Perhaps it was unwise to mention the World Cup final that had been featured on Sky Sports 1 the night before. After all, like any fiftysomething Dutchman, for Charles van Commenee the pain of Munich and 1974 remains sharply vivid. Still, like Helmut Schön, the West German coach back then, Van Commenee is preparing to lead the host nation into a showpiece global sporting contest.

The head coach of UK Athletics, the man who will be in charge of the British track and field team when the 2012 Olympic Games get under way in late July, gave a thinly ironic smile at the comparison. A native Amsterdammer and lifelong Ajax fan, he could never imagine himself in the shoes of the German who masterminded the downfall of the great Dutch team of Johan Cruyff, Johan Neeskens and Co, completed by Gerd Müller's shot on the turn in that 2-1 World Cup final win.

"Yes, Gerd Müller," Van Commenee pondered, as if considering the ghost of Jacob Marley. "Always in the right place at the right time ... unfortunately."

Fortunately for Van Commenee, a significant number of the British athletes in his charge have been showing timely form heading into home Olympic year. The British track and field team won seven medals at the World Championships in Daegu, South Korea, last August – the country's biggest haul since 1993. Then there are the 13 British outdoor records set during the summer, the most since 1980, when Sebastian Coe, Steve Ovett and Daley Thompson were in their golden prime.

And yet Van Commenee continued to wear a somewhat furrowed expression as he turned his mind from the ghost of Gerd Müller to the challenge of leading the host nation's runners, jumpers and throwers at the London Olympics.

Ever since he assumed the role of head coach of UK Athletics in February 2009, Van Commenee has been chasing a 2012 target of eight medals, including at least one gold. That would be a doubling of the British track and field tally from Beijing in 2008 and the most since 1988, when a squad featuring Thompson, Linford Christie, Colin Jackson and Steve Cram won eight medals but no golds.

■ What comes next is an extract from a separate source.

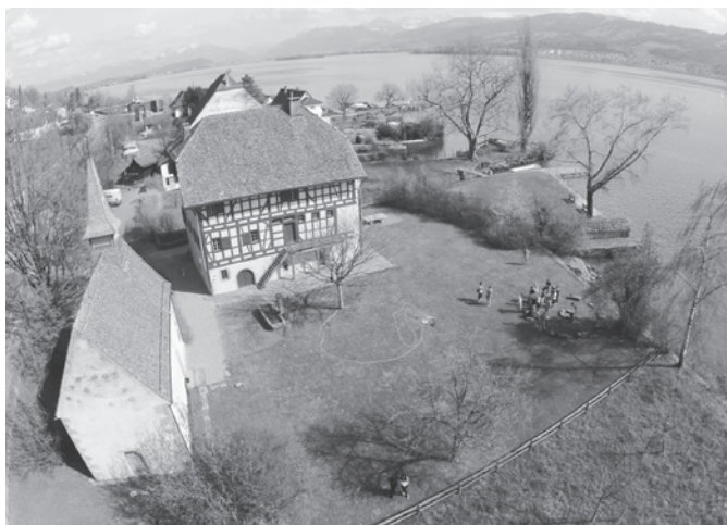
Das Ritterhaus mit viel Platz für Spiel und Spass.

Wie in jedem JAF-Jahr ist das Frühlingsferienprogramm eines der Highlights. Dieses Jahr können wir nur an drei Tagen ein Programm anbieten, da der Karfreitag uns in die Quere kommt. Gestartet wird am Montag mit einem Ausflug ins Aquabasilea in Pratteln BL. Am Mittwoch, 12. April gehen wir wie letztes Jahr in den BEO-Funpark in Bösing. Ein Car wird uns dorthin bringen und die Kinder & Jugendlichen können sich für einige Stunden im riesigen Park vergnügen. Ein Tag später organisieren wir einen Waldspielnachmittag im Geerenwald in Koppigen. Es wird fleissig nach einem Schatz gesucht, zusammen gelacht, gespielt und auch etwas Leckeres zu essen steht auf dem Programm. Alle weiteren Informationen und die Anmeldemöglichkeiten werden auf unserem Flyer stehen, der in einigen Wochen verteilt wird.

Since Beijing, Mo Farah, Dai Greene, Jessica Ennis and Phillips Idowu have all shown a Midas touch at global level, winning titles at the last two World Championships. Van Commenee's concern is that not enough fringe contenders have graduated to medal-winning status behind his Four Tops.

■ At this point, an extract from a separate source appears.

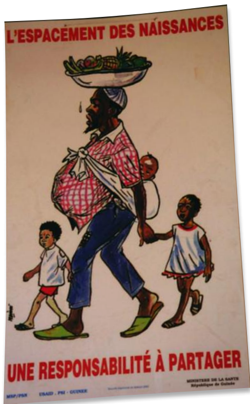
affiche du Ministère de la Santé de la République de Guinée.

à intervenir de manière concrète sur les questions climatiques. Or trop peu de femmes des pays en développement, surtout si elles sont pauvres, ont accès à la contraception moderne. Selon le rapport annuel du Fonds des Nations unies pour la population (UNFPA) sur l'État de la population mondiale 2012, les financements nécessaires pour assurer l'accès à un planning familial de qualité aux 867 millions de femmes en âge de procréer dans les pays en voie de développement sont loin d'être rassemblés. Selon le rapport, 222 millions d'entre elles ne bénéficient d'aucune politique de planification familiale.

"If the Olympics were to take place next month I would not be confident," he confided. "We need the next seven months in order to get better. We wish we had a few more successful athletes in that tier."

The four big British hopes all go into 2012 on the back of medal-winning performances at the 2011 World Championships: Farah took gold in the 5,000m and silver in the 10,000m; Greene won gold in the 400m hurdles; Ennis landed silver in the heptathlon; and Idowu won silver in the triple jump.

Still, worryingly for Van Commenee, only two other members of the team made the step up to the podium in Daegu, Hannah England snatching silver in the 1500m and Andy Turner bronze in the 110m hurdles. "There were a few athletes who didn't do well," the head coach said – "Jenny Meadows in the 800m; the men's 4x400m relay team. Those athletes will have to do better. And maybe one of the high jumpers will step up again."

Van Commenee is too pragmatic a soul to rely on the Wilkins Micawber principle of something turning up. From his own experience as a one-to-one coach, however, he knows that Olympic medals can emerge from the most unlikely sources.

In Beijing in 2008 the high jumper Germaine Mason and the 400m hurdler Tasha Danvers both earned medals that not even the most prescient track and field experts could have seen coming at the start of the Games, let alone at the end of the previous year. Similarly, in Athens in 2004 Kelly Sotherton won a bronze in the heptathlon 12 months after failing to qualify for the World Championships and being ranked 57th in the world.

The coach who effected Sotherton's transformation was Van Commenee. "I can't count on a medal like that," he said. "And I do not count on it. It would probably be as much of a surprise to you as it would be to me."

Indeed, few of the British media even knew who Sotherton was when she was presented to them for interview alongside Denise Lewis at a pre-Olympic training camp in Cyprus three months before the Athens Games. There followed an embarrassing half-hour, during which all save a couple of token questions were directed at Lewis, the reigning Olympic heptathlon champion at the time. "I remember," Van Commenee said, chuckling heartily. "I was there."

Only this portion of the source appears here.